Caricaturando, do lado dos contras há os que defendem que a política não deve ser o domínio dos cidadãos (logo que a wikileaks é ilegítima), e aqueles que não percebem sequer que a questão é política e perguntam porque é que a wikileaks não revela documentos sobre direitos humanos, etc (logo que a wikileaks não é moral). Do lado dos prós estão aqueles que defendem que a transparência é em si benéfica.

Enquanto o debate se centrar num debate teórico, a wikileaks será um projecto falhado. A transparência é por si só inútil se o conteúdo daquilo que é publicado não for moralmente interpretado pelos visados: os cidadãos.
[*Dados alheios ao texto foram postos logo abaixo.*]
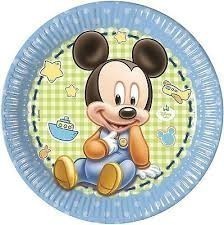 Conjunto de 8 pratos descartáveis em cartão do Mickey Mouse Baby com diâmetro aproximado de 23cm ideais para a decoração da primeira festa de aniversário do seu bebé.
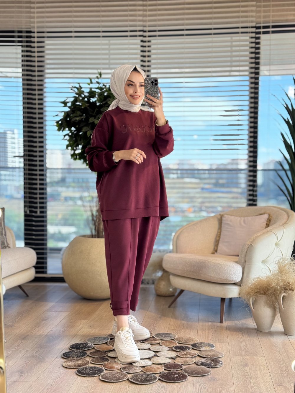 35797 Taş Ve Yüksek Baskılı Takım Bordo
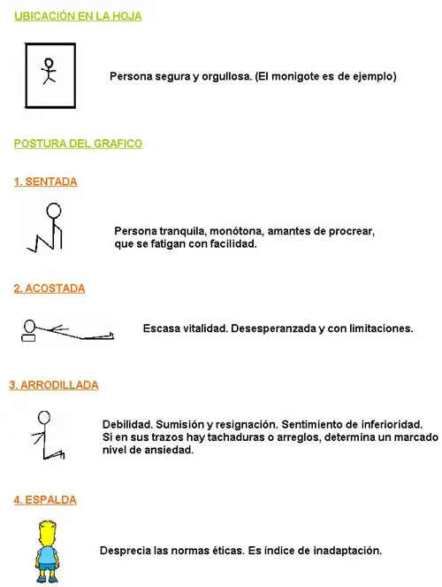 DE ESPALDAS: deseos de no ser controlado socialmente, de pasar inadvertido. Afectos e intenciones ocultas , se aparten del medio ( presicóticos, depresivos, psicopatías). Problemas con la identificación sexual. Deseos de ser otro. Ocultamiento.

As próprias instituições políticas (ou as pessoas que fazem directa ou indirectamente parte delas, ou almejam um dia vir a fazer), têm obviamente interesse em manter o debate num nível meramente teórico em que o conteúdo da wikileaks é posto para segundo plano (ilegal ou irrelevante). O lado do prós que se define apenas como oposição teórica aos defensores do status quo, ou apenas como defesa de Assange-herói, está na prática a ter efeito zero sobre o mesmo.
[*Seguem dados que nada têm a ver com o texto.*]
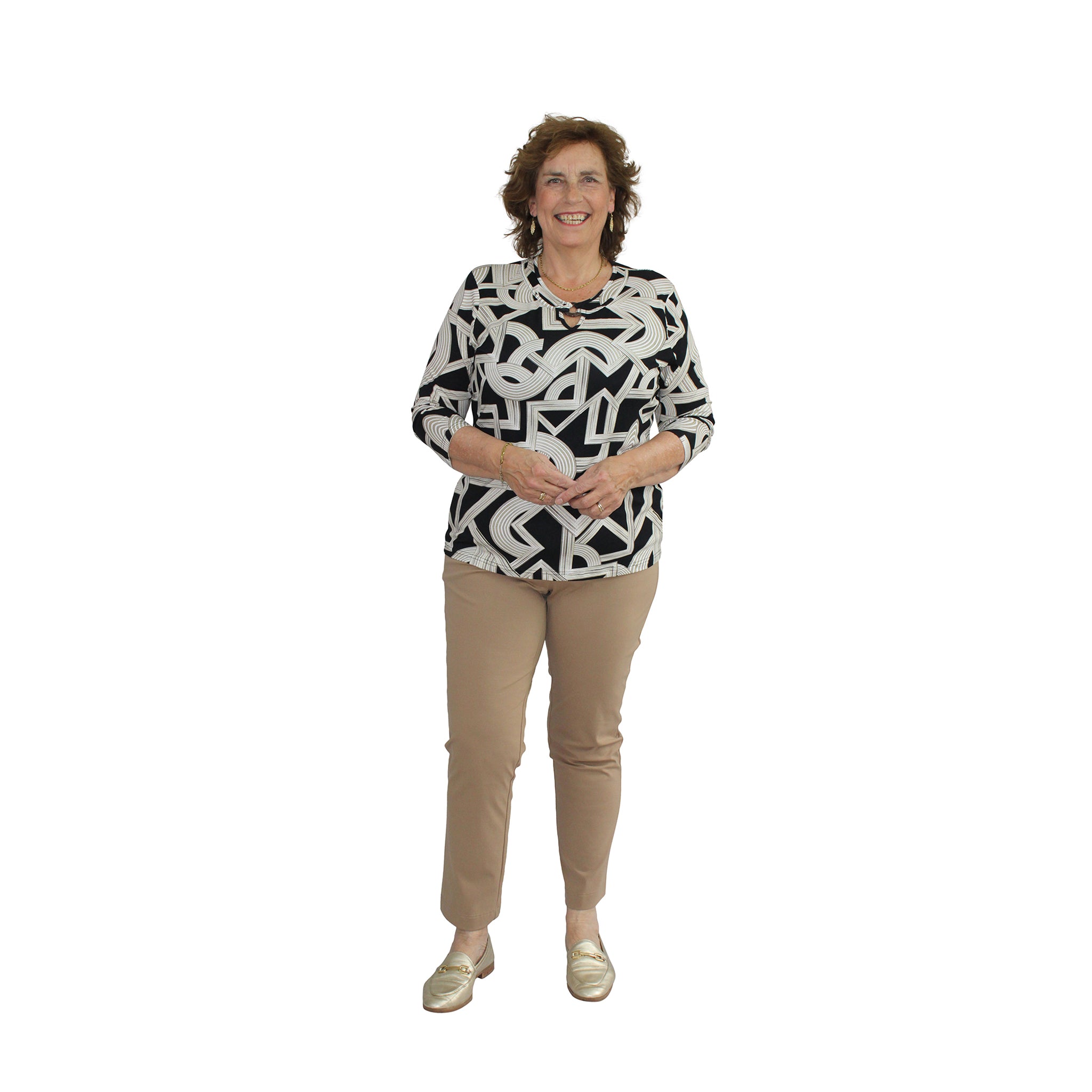 Een comfortabel shirt met een elegante art-deco twist in zwart- en beigetinten. Het rechte model heeft 3/4 mouwen en een ronde halslijn met subtiel splitje, afgewerkt met een decoratieve ring. De zachte en soepele viscosekwaliteit zorgt voor een heerlijk draagcomfort. Ook verkrijgbaar in de kleur marine/wit

A atitude de no pasa nada só pode ser combatida com a moralização daquilo que a wikileaks traz à luz do dia, mostrando que de facto há algo de errado na maneira como os Estados gerem a vida de pessoas. Sem essa moralização, depois do choque a transparência servirá apenas para aumentar a aceitação do status quo. Ou alguém acredita, como se conta nos livros de História, que “o povo” nunca esteve consciente das atrocidades dos seus regimes?
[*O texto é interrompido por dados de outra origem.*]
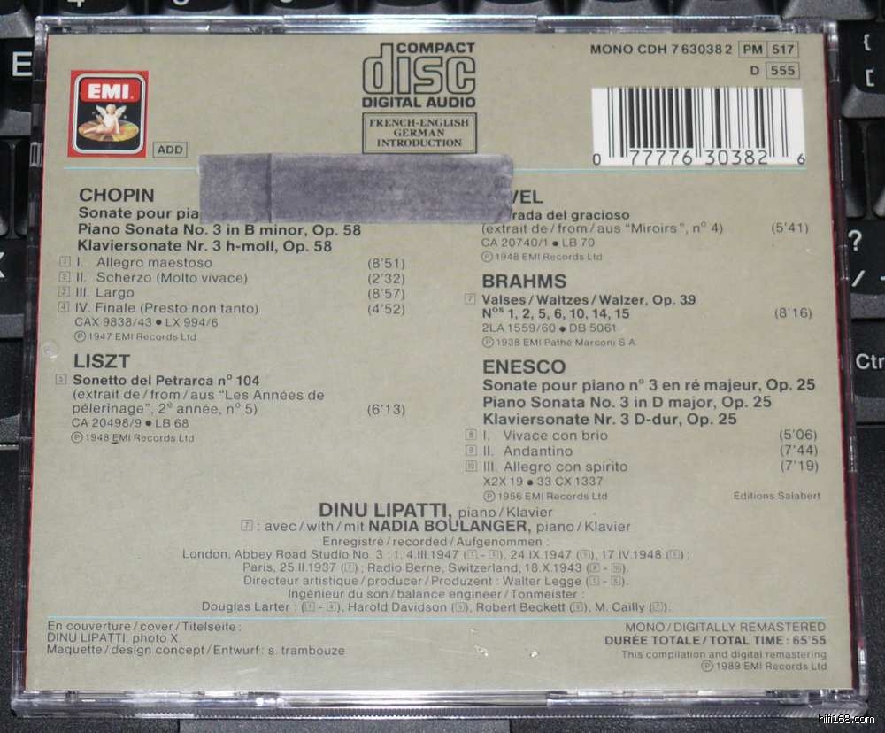仔细看了LIPATTI的那张和EMI5cd套装里一样

12 pensamentos sobre “Wikileaks: um teste ao jornalismo cívico

  1. Elisabete,

    neste dias é difícil é tentar fazer perceber que pode haver uma justa medida no tipo de actividade que a Wikileaks desenvolve. O segredo e, até, a hipocrisia, são uma espécie de cimento que permite a vida em sociedade e nem a transparência absoluta (Wikileaks) nem o segredo total nos permitem sequer relacionar uns com os outros. Pior, a primeira leva inevitavelmente ao segundo pois, por definição, a total transparência só na ausência de segredo o que implica a ausência de comunicação ou no limite, o segredo absoluto. E não seria bonito. Tanto o segredo como a transparência são necessários e louváveis. Na justa medida e, essa, só o bom senso pode determinar

  2. ruicarmo

    A expressão do teu título “jornalismo cívico” causa arrepios… 🙂
    A wikileaks é uma fonte, só vale enquanto tal e como qualquer outra deve ser tratada. E pela sua abertura (basta querer, para consultar) coloca um desafio interessante aos media. Qause nada mais.

  3. elisabetejoaquim

    Helder, o meu ponto era que a transparência por si só é inócua (se não for interpretada/moralizada).

    Rui, o título “jornalismo cívico” dirige-se aos cidadãos, não aos media. O que eu digo no post é precisamente como deve ser tratada enquanto fonte, mas pelos cidadãos.

  4. Elisabete, a transparência nunca é inócua porque obviamente os receptores da informação são seres morais/volitivos.

    Mais, na realidade, naquilo que é suposto não ser inócuo – ver Guebuza e luvas na venda de Cahora Bassa – é-o de facto, naquilo que devia ser – o que respeita à diplomacia (guerra sem armas nem mortos), localização de alvos estratégicos, espionagem – não é inócuo, pelo contrário. E esse é o problema, a transparência pela transparência como meio de controlo do poder, não resolve nada e, no limite, só piora.
    O que é que de facto todos, absolutamente todos, queremos e devemos saber? Tudo? Acabaremos a não saber nada.

  5. elisabetejoaquim

    Rui, os receptores devem ler a informação colocando-se na posição de cidadão (pessoas que pagam impostos e indirectamente legitimam poder), e não na posição do Estado. Agora o que cada cidadão pretende que se faça em seu nome, é outro assunto.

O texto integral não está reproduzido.